REQUIRED ACTION >> Begin with the line that holds "Velvet Pleated Midi Skirt from" and retype through the last line of the listing below, exactly; pictures are not part of the copy.
### RAW DATA ###
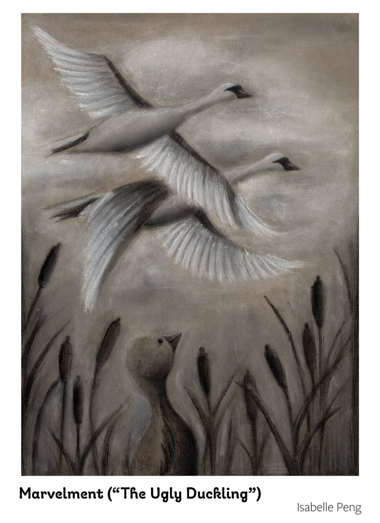 However, there were some bright patches in my journey. The Ugly Duckling and the Witch Bakery were two of my favorite assignments! I also learned how to take my own reference in my Thumbelina piece, even though the execution could have been better. I'm excited to take what I learned to bring into Illustration II.
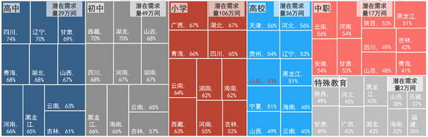 中国大陆落后十省多媒体教室渗透率
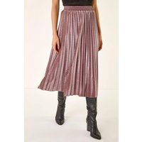 Velvet Pleated Midi Skirt from Roman. Make a statement in this luxurious velvet pleat skirt, a must have for the Autumn/Winter season. Crafted from sumptuous velvet fabric, this midi length skirt features an elasticated waistband for easy pull on styling. The pleated detail adds a touch of elegance to any outfit, perfect for both casual and dressy occasions. Pair with cosy knitwear and your favorite boots for a chic and stylish look that is sure to turn heads! | Roman Women's Velvet Pleated Midi Skirt in Rose | Size: 12 - Manufacturers part number: Roman_5063566368644
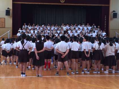 最後に全員で気持ち良く「ええとこいっぱい春日出KID’S」を歌いました。講堂中に素敵な歌声が響き渡っていました。
###
RESPONSE >>
 Velvet Pleated Midi Skirt from Roman. Make a statement in this luxurious velvet pleat skirt, a must have for the Autumn/Winter season. Crafted from sumptuous velvet fabric, this midi length skirt features an elasticated waistband for easy pull on styling. The pleated detail adds a touch of elegance to any outfit, perfect for both casual and dressy occasions. Pair with cosy knitwear and your favorite boots for a chic and stylish look that is sure to turn heads! | Roman Women's Velvet Pleated Midi Skirt in Rose | Size: 12 - Manufacturers part number: Roman_5063566368644
 最後に全員で気持ち良く「ええとこいっぱい春日出KID’S」を歌いました。講堂中に素敵な歌声が響き渡っていました。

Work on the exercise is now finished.